▶ **Supplied entries**
BEGIN
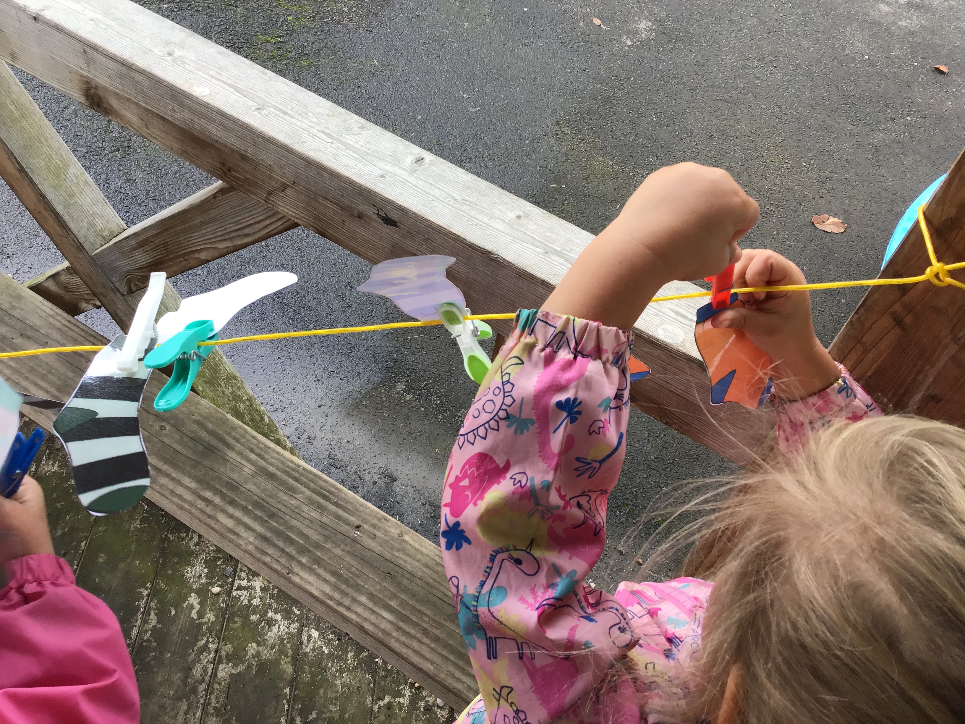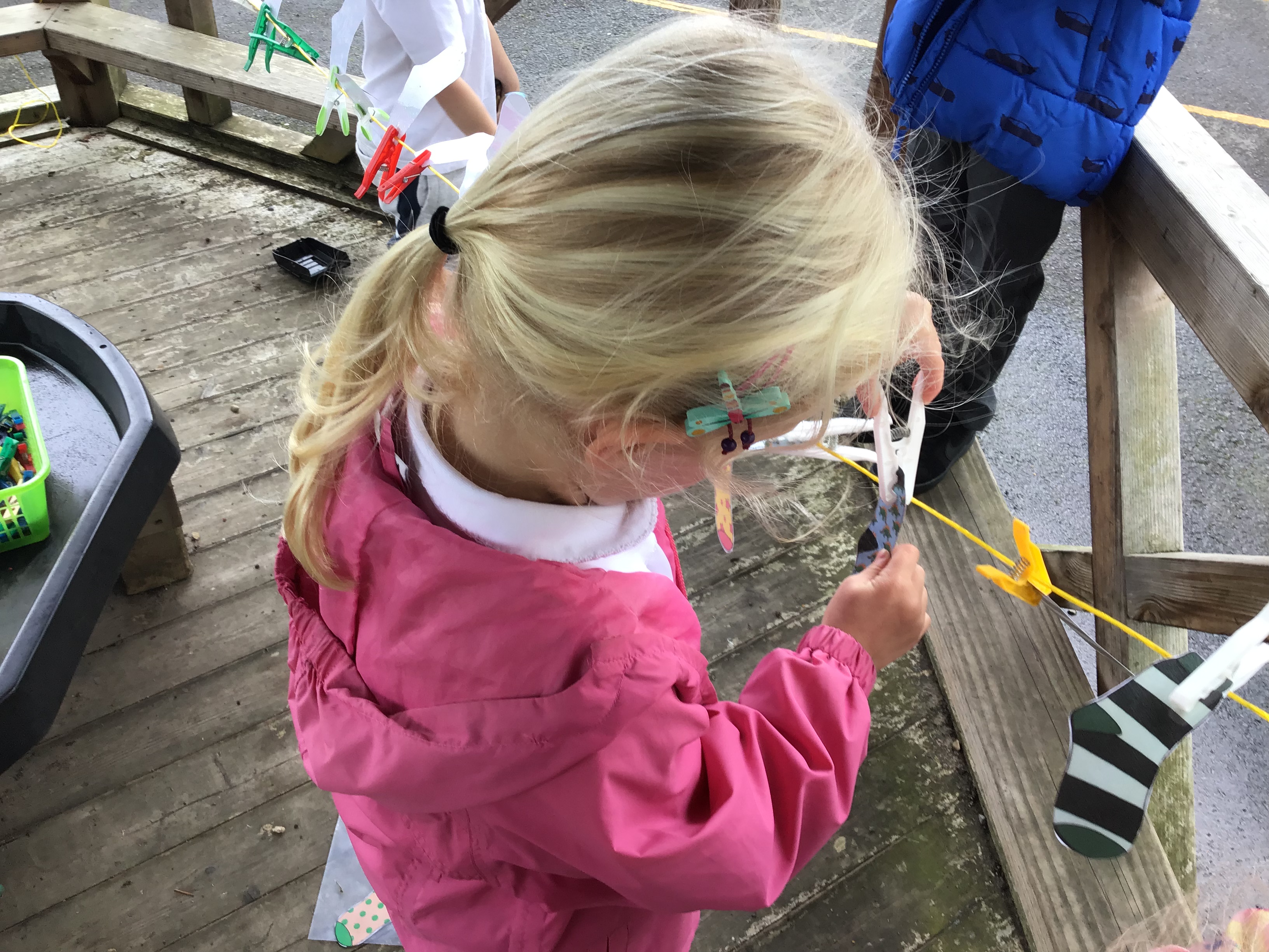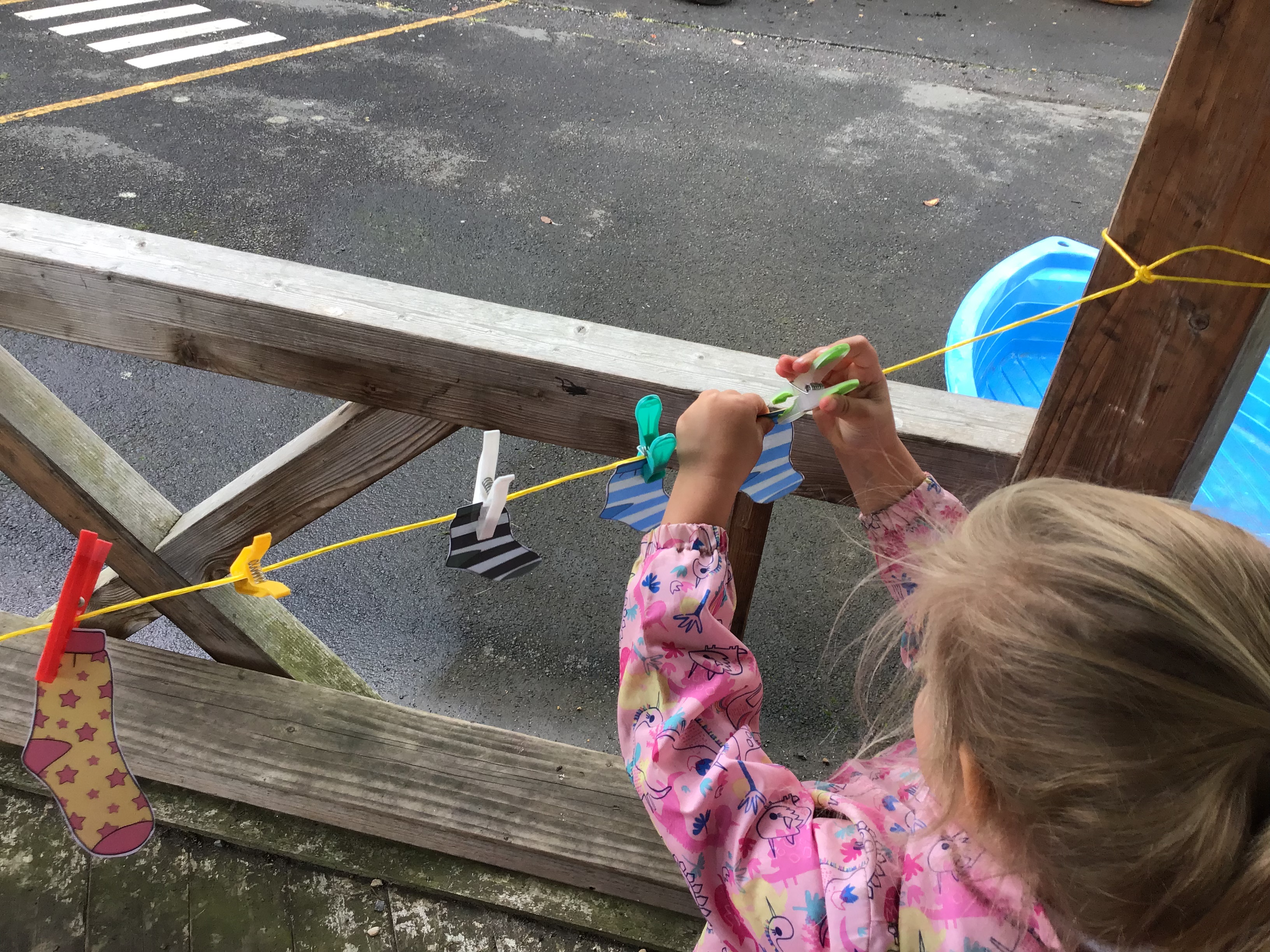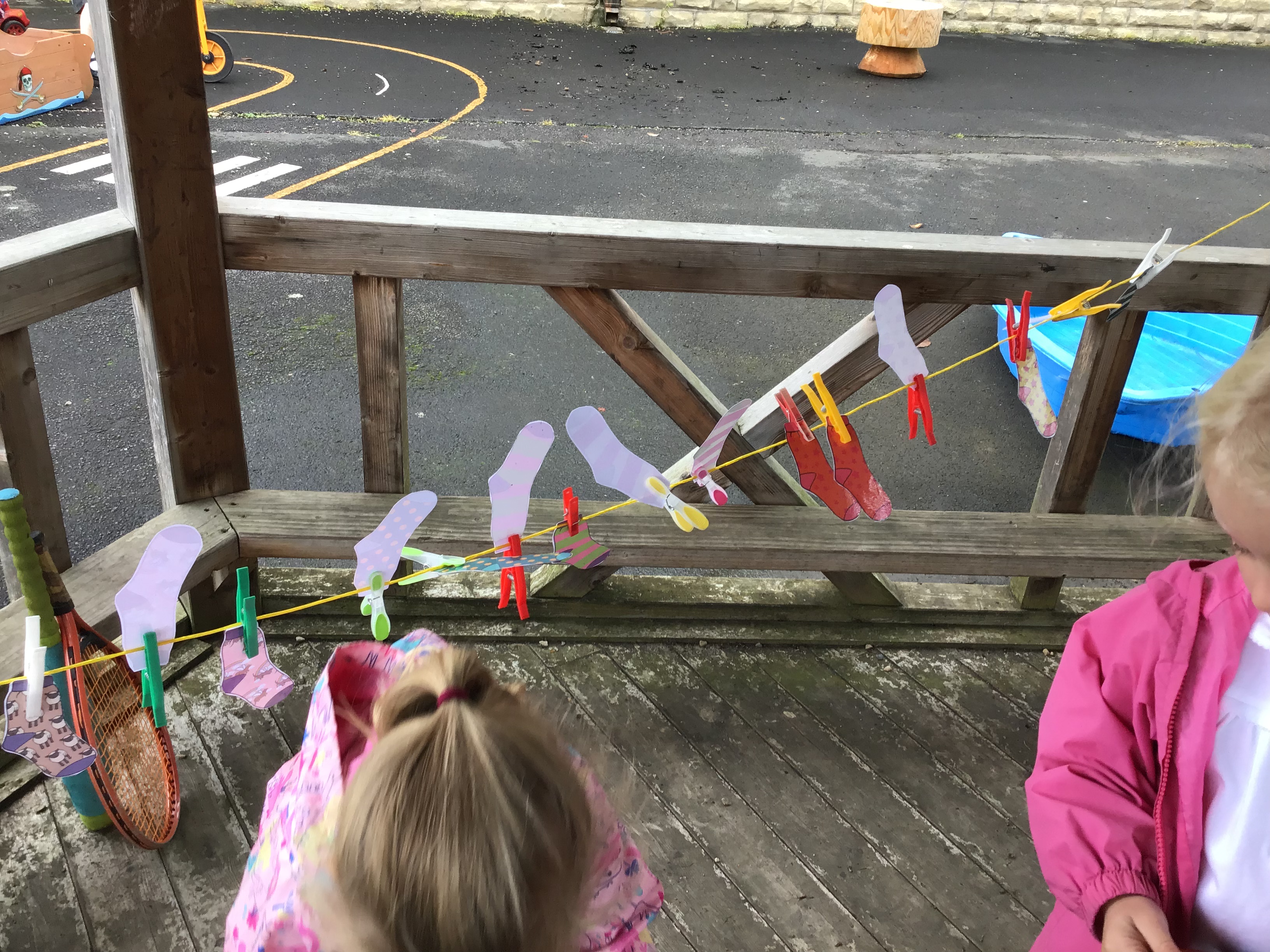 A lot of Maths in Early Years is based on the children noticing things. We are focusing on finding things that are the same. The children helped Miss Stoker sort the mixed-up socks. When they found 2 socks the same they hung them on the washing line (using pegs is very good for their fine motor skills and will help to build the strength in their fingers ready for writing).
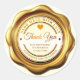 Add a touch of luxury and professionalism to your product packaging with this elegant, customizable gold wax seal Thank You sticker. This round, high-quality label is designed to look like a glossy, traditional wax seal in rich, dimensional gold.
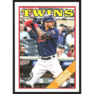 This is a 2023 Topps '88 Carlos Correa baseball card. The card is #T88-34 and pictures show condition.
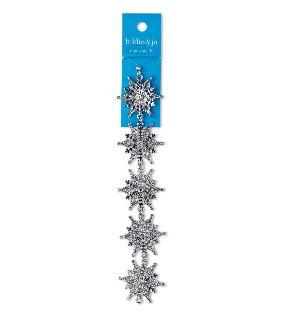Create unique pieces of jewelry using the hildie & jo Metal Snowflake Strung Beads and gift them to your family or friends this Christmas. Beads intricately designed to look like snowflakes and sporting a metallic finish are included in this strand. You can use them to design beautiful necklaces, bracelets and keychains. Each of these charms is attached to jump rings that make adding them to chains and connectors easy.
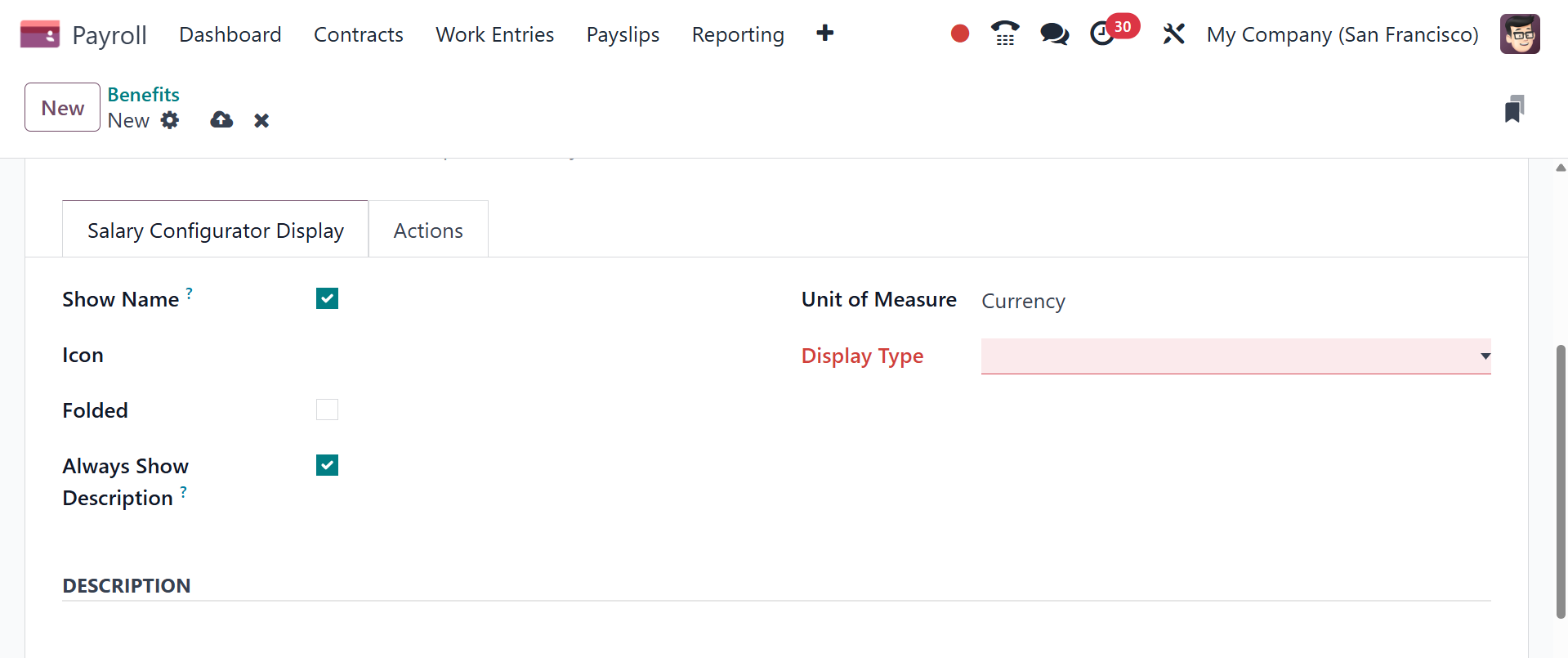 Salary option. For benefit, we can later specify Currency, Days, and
END
All of the entries above need to be transcribed exactly, except for the pictures.

 A lot of Maths in Early Years is based on the children noticing things. We are focusing on finding things that are the same. The children helped Miss Stoker sort the mixed-up socks. When they found 2 socks the same they hung them on the washing line (using pegs is very good for their fine motor skills and will help to build the strength in their fingers ready for writing).
 Add a touch of luxury and professionalism to your product packaging with this elegant, customizable gold wax seal Thank You sticker. This round, high-quality label is designed to look like a glossy, traditional wax seal in rich, dimensional gold.
 This is a 2023 Topps '88 Carlos Correa baseball card. The card is #T88-34 and pictures show condition.
Create unique pieces of jewelry using the hildie & jo Metal Snowflake Strung Beads and gift them to your family or friends this Christmas. Beads intricately designed to look like snowflakes and sporting a metallic finish are included in this strand. You can use them to design beautiful necklaces, bracelets and keychains. Each of these charms is attached to jump rings that make adding them to chains and connectors easy.
 Salary option. For benefit, we can later specify Currency, Days, and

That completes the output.